106. A method of treating disorders and disorders selected from the group comprising hypoactive sex drive, loss of sex drive, lack of sex drive, decreased sex drive, suppression of sex drive, loss of libido, impaired libido and frigidity, which consists in using a therapeutically effective amount of a selective estrogen modulator receptors (SMER) 2n, optionally in the form of its pharmaceutically acceptable acid addition salts, in the form of hydrates and / or solvates, and optionally in the form of individually x optical isomers, mixtures of the individual enantiomers or racemates.

107. A method of treating premenstrual disorders, which consists in using a therapeutically effective amount of a selective estrogen receptor modulator (SMER) 2n, optionally in the form of its pharmaceutically acceptable acid addition salts, in the form of hydrates and / or solvates, and optionally in the form of individual optical isomers, mixtures of individual enantiomers or racemates.

108. A method of treating aversion to sexual intercourse in women, which consists in using a therapeutically effective amount of a selective estrogen receptor modulator (SMER) 2n, optionally in the form of its pharmaceutically acceptable acid addition salts, in the form of hydrates and / or solvates, and optionally in the form of individual optical isomers, mixtures of individual enantiomers or racemates.

109. A method of treating a failure of the genital reaction in women, which consists in using a therapeutically effective amount of a selective estrogen receptor modulator (SMER) 2n, optionally in the form of its pharmaceutically acceptable acid addition salts, in the form of hydrates and / or solvates, and optionally in the form of individual optical isomers mixtures of individual enantiomers or racemates.

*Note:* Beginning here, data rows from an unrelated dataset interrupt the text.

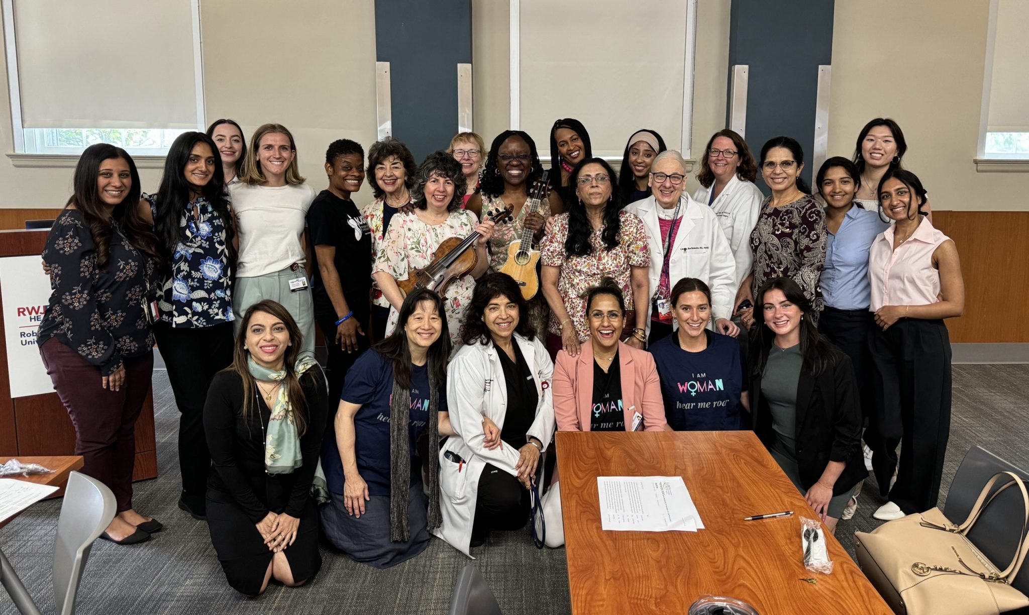 The AMWA Music and Medicine Working Group partnered with Rutgers Robert Wood Johnson Medical School (RWJMS) and Robert Wood Johnson University Hospital (RWJUH) for the event, Empowering Mentorship: Championing Diversity, Equity, Inclusion, and the Arts in Medicine. The event celebrated the diverse mentoring pathways leading to medical leadership and the medical humanities and medicine. The event was organized by AMWA Music and Medicine Co-Leaders, Dr. Gloria Bachmann, Director of the Women’s Health Institute at Rutgers and Dr. Mary Rorro, a Veterans Affairs physician, along with a steering committee of both physicians and students, which included leaders of the RWJMS AMWA student group.
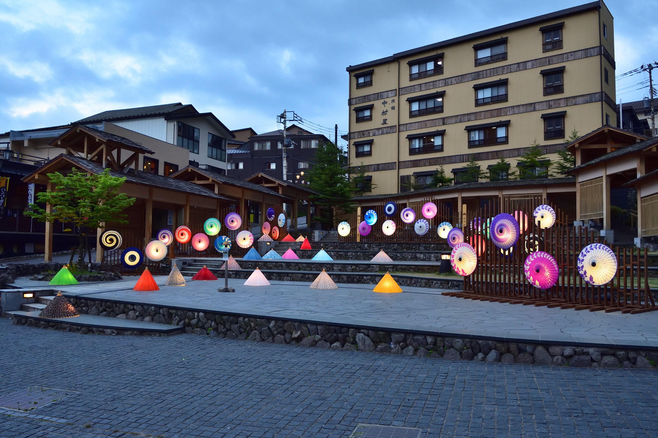 「和傘」の照明オブジェが湯路広場を彩ります。
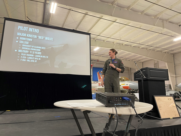 The featured speaker for the evening was Maj. Kristin ‘Beo’ Wolfe, commander of the F-35A Lightning II Demonstration Team, 388th Fighter Wing, based at Hill Air Force Base. If you attended AirVenture 2022, you most likely saw Maj. Wolfe demonstrate the Lightning II.
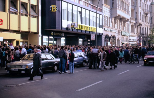 Badstraße mit der "Begrüßungsgeldschlage" vor Sparkasse und Berliner Bank
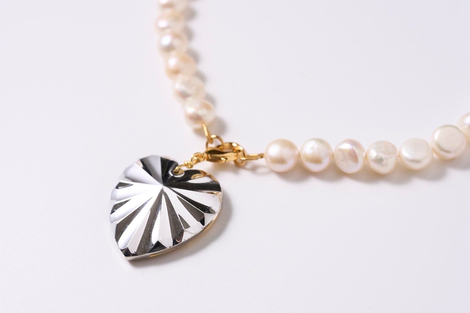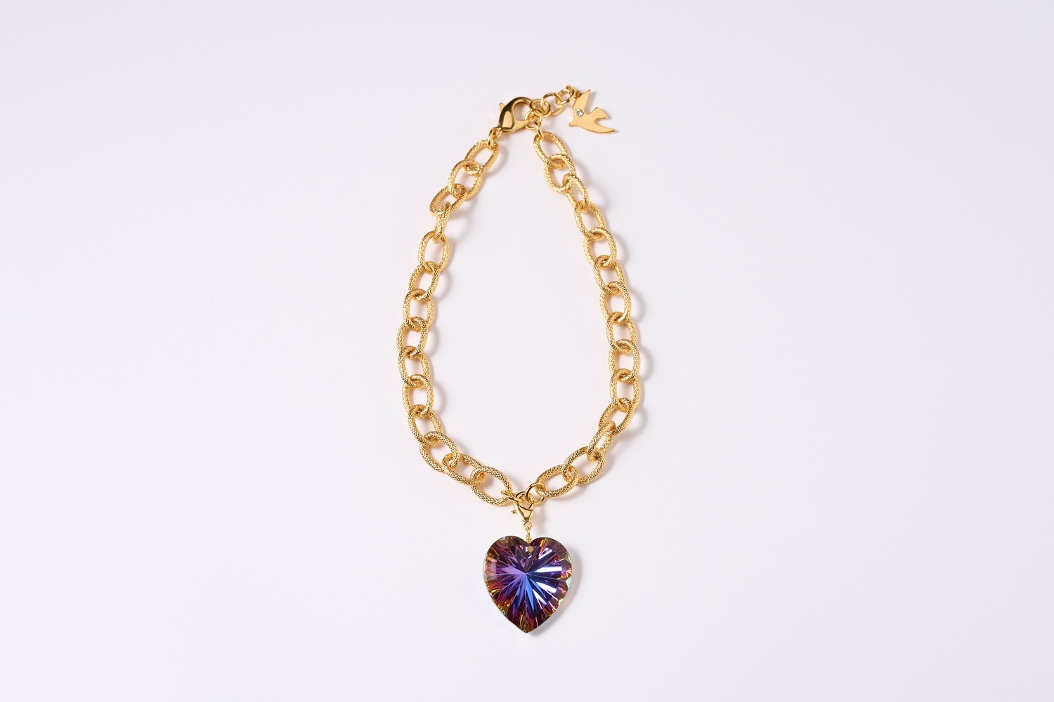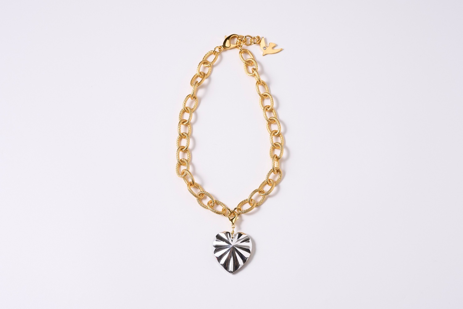 アイコニックなクリスタルハートのチャームが、ひときわ目を惹く華やかなネックレス。
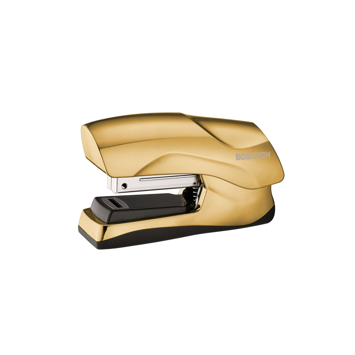 This metallic gold flat clinch stapler features a half strip design while retaining all the stapling power of a heavy duty, full-sized stapler. This stylish and trendy stapler can also staple up to 40 sheets of paper at once! Most standard handheld staplers can only handle 20 sheets at a time. This unit also features a convenient flat clinch stapling style. Flat clinch staplers allow documents to lay in flatter, neater stacks. You can keep your papers organized and your desktop clean with the help of this compact stapler. Perfect for any desk in your home office or business, this lavish gold stapler will be one of the best-looking office supplies around! Additionally, this beautiful stapler opens a full 180 degrees for bulletin board use and features non-skid, rubber base. Just add your Bostitch standard staples and you're ready to tackle all the stapling and filing projects ahead.
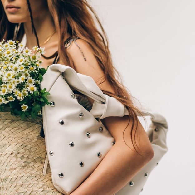 Главная новинка коллекции весна-лето 2021 от Maje – сумка Bow Bag с модульной ручкой в форме полумесяца, инкрустированная серебряными заклепками. Ее оригинальность заключается в возможности развязывать и завязывать ручки так, как вам захочется. Можно носить на плече, через плечо или на поясе. Bow Bag представлена в трех цветах: белом, розовом и черном.

110. A method of treating orgasmic dysfunction in women, which consists in using a therapeutically effective amount of a selective estrogen receptor modulator (SMER) 2n, optionally in the form of its pharmaceutically acceptable acid addition salts, in the form of hydrates and / or solvates, and optionally in the form of individual optical isomers, mixtures of individual enantiomers or racemates.

111. A method for the treatment of sexual pain disorders in women, which consists in using a therapeutically effective amount of a selective estrogen receptor modulator (SMER) 2n, optionally in the form of its pharmaceutically acceptable acid addition salts, in the form of hydrates and / or solvates, and optionally in the form of individual optical isomers mixtures of individual enantiomers or racemates.